## WHAT THE EXERCISE ASKS
Although the data below holds other lines too, output only those from the line with "En caso de encontrar" up to and including the line with "Glens were first", exactly as they appear.

## MATERIAL TO PROCESS
⁂
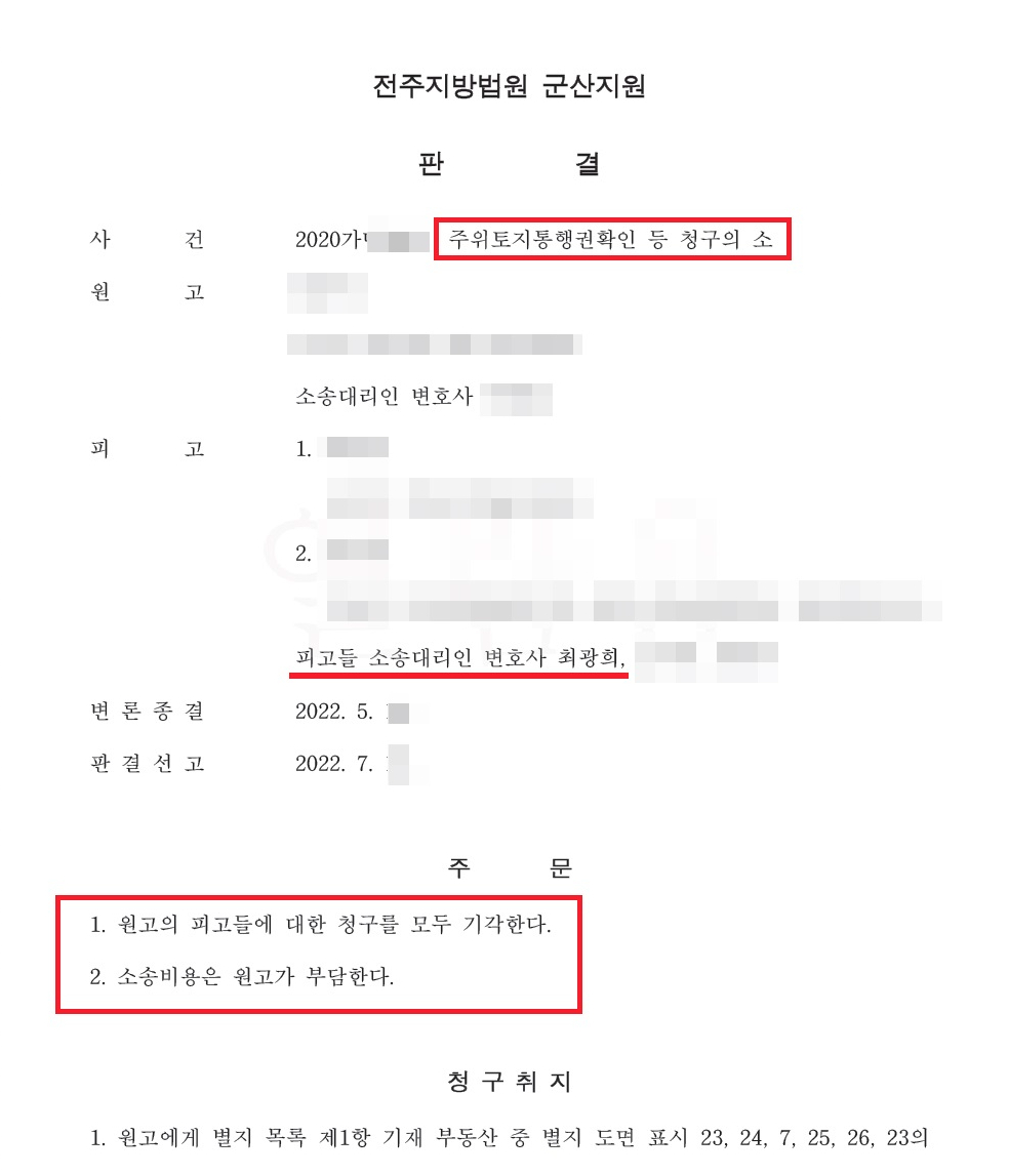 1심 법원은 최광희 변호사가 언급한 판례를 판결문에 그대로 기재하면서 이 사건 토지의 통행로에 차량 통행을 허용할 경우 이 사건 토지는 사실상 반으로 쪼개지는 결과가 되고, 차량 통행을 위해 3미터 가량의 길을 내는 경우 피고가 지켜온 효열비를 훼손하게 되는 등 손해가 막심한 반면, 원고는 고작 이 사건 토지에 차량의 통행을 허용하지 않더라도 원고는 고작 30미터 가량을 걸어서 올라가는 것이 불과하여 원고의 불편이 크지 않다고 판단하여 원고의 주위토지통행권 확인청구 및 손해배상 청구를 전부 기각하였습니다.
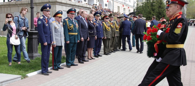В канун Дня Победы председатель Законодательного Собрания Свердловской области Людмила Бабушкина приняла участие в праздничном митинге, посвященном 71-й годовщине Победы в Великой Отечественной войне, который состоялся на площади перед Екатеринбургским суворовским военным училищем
⁂
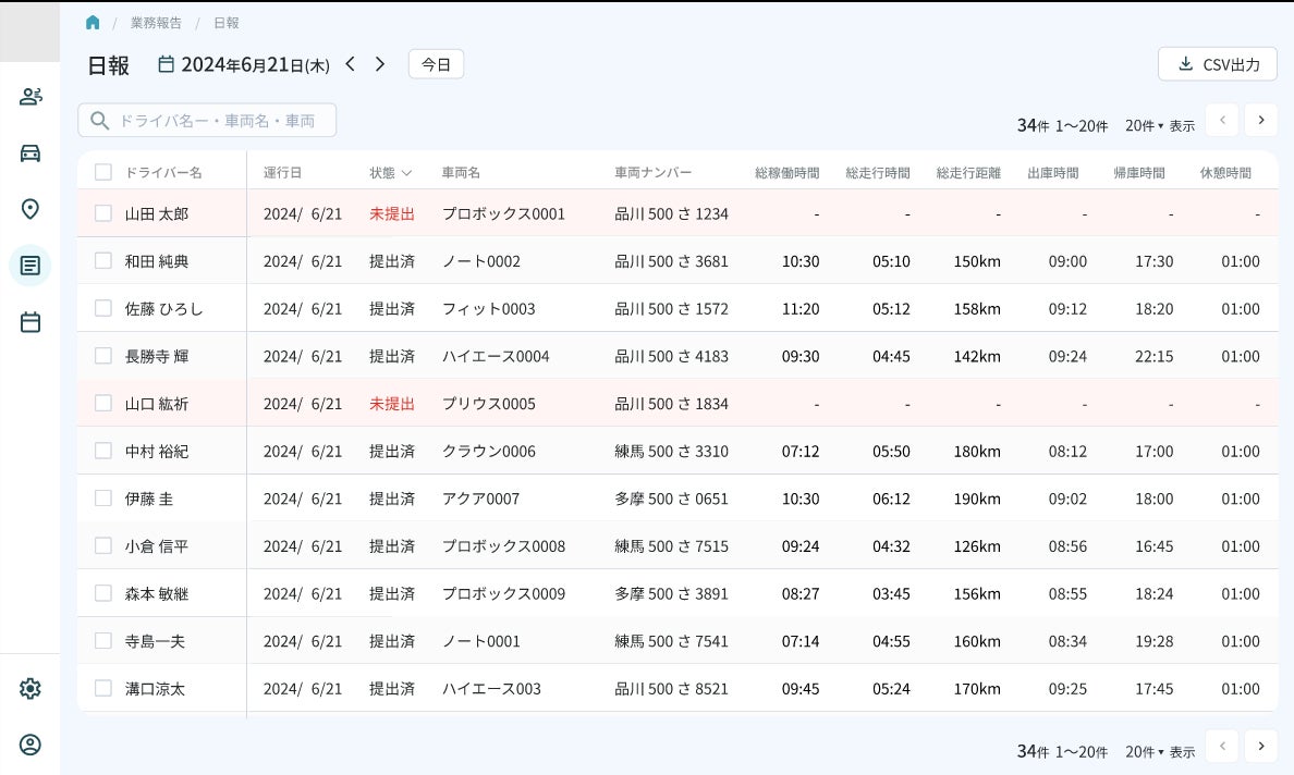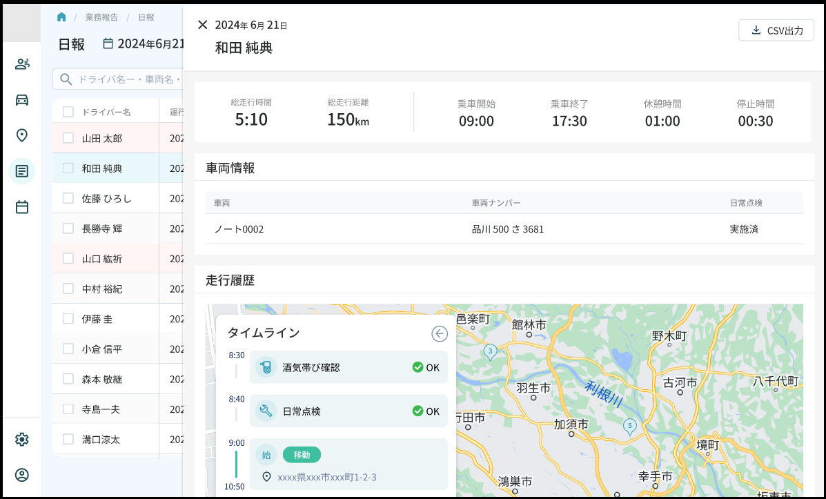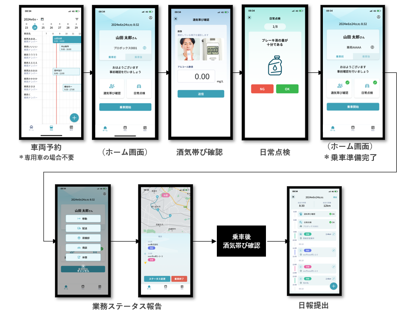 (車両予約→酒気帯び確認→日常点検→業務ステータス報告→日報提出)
⁂
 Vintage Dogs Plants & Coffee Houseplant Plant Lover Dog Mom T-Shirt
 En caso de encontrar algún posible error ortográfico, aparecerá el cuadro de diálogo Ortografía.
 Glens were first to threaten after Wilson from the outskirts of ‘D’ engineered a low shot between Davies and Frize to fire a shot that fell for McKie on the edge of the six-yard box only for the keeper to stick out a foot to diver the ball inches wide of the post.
⁂
## RESPONSE TO THIS TASK
 En caso de encontrar algún posible error ortográfico, aparecerá el cuadro de diálogo Ortografía.
 Glens were first to threaten after Wilson from the outskirts of ‘D’ engineered a low shot between Davies and Frize to fire a shot that fell for McKie on the edge of the six-yard box only for the keeper to stick out a foot to diver the ball inches wide of the post.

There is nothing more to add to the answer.